» **DATASET CONTENT**
= = = = = = =
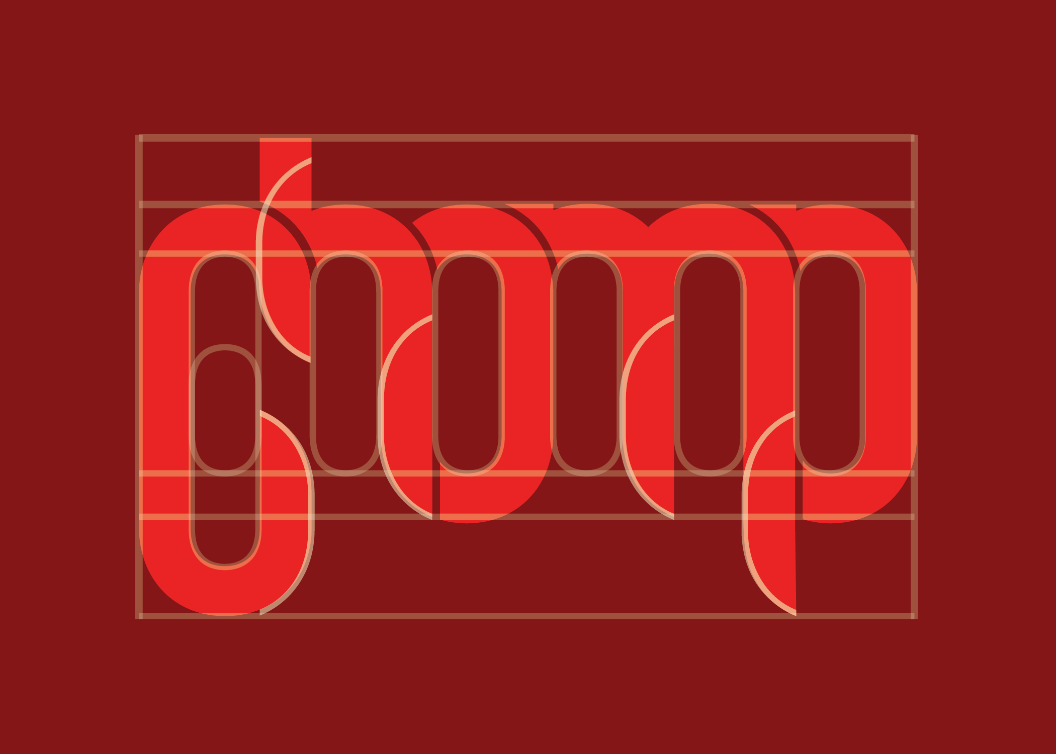 Animated GIF displaying the underlying structure of the final wordmark. A recurring oval shape is used to maintain consistency in the letters. Descenders and stems of the letters have sharp edges, making the wordmark aggressive and impactful.
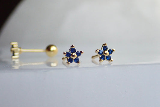 Blue CZ Flower Stud Earrings • Sterling Silver with 14K Gold Plating • Small Screw Back Earrings • Dainty Floral Studs for Second Hole
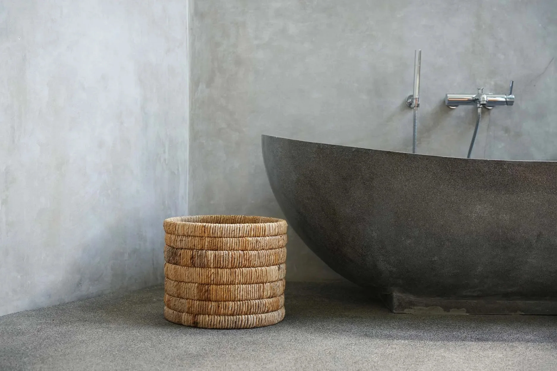 Deze fascinerende mand is handgeweven van bananenblad en heeft een vakkundig patroon van rijen en kolommen, waardoor textuur en detail op hoog niveau worden toegevoegd. De ronde vorm mengt op harmonieuze wijze traditionele kunstzinnigheid met hedendaags design en biedt een veelzijdige opbergoplossing die tegelijkertijd een prachtig decoratief stuk is. Ervaar de perfecte combinatie van functionaliteit en esthetiek met de Chuma-mand.
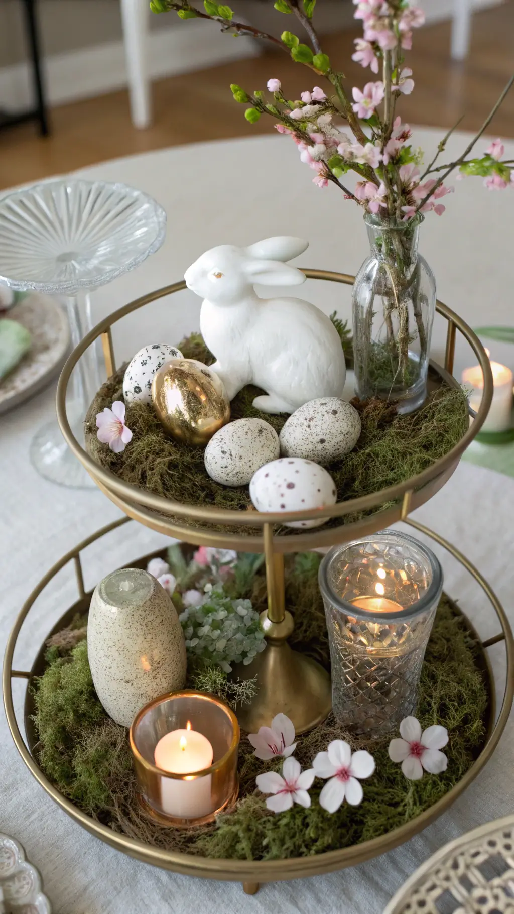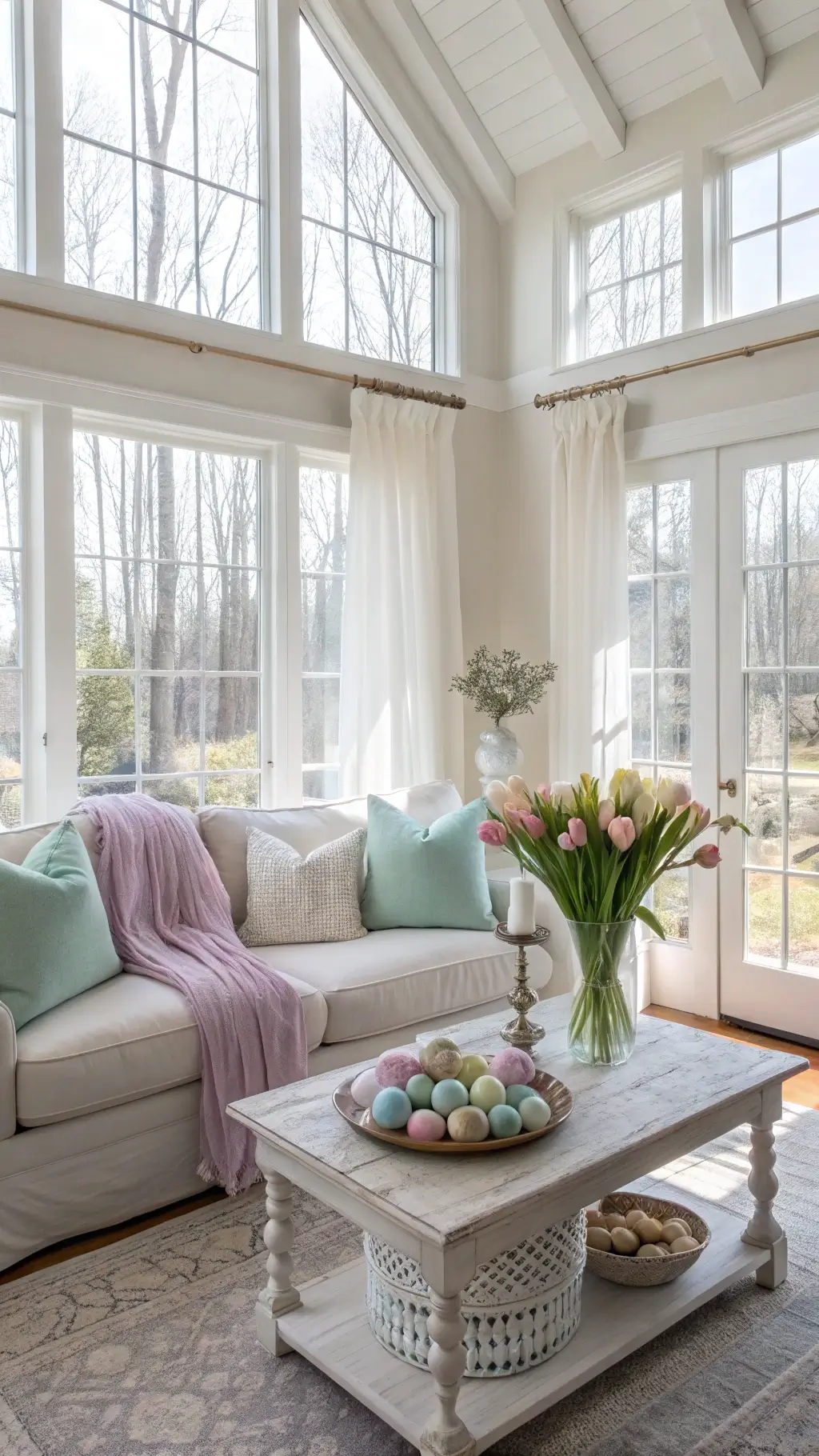 "Easter-themed living room with pastel decorations, white bunny centerpiece, speckled eggs, fresh flowers, and metallic accents in soft morning light"
= = = = = = =
» **ACTIVITY**
Give back the entire listing verbatim, without the pictures.

» **REPLY**
 Animated GIF displaying the underlying structure of the final wordmark. A recurring oval shape is used to maintain consistency in the letters. Descenders and stems of the letters have sharp edges, making the wordmark aggressive and impactful.
 Blue CZ Flower Stud Earrings • Sterling Silver with 14K Gold Plating • Small Screw Back Earrings • Dainty Floral Studs for Second Hole
 Deze fascinerende mand is handgeweven van bananenblad en heeft een vakkundig patroon van rijen en kolommen, waardoor textuur en detail op hoog niveau worden toegevoegd. De ronde vorm mengt op harmonieuze wijze traditionele kunstzinnigheid met hedendaags design en biedt een veelzijdige opbergoplossing die tegelijkertijd een prachtig decoratief stuk is. Ervaar de perfecte combinatie van functionaliteit en esthetiek met de Chuma-mand.
 "Easter-themed living room with pastel decorations, white bunny centerpiece, speckled eggs, fresh flowers, and metallic accents in soft morning light"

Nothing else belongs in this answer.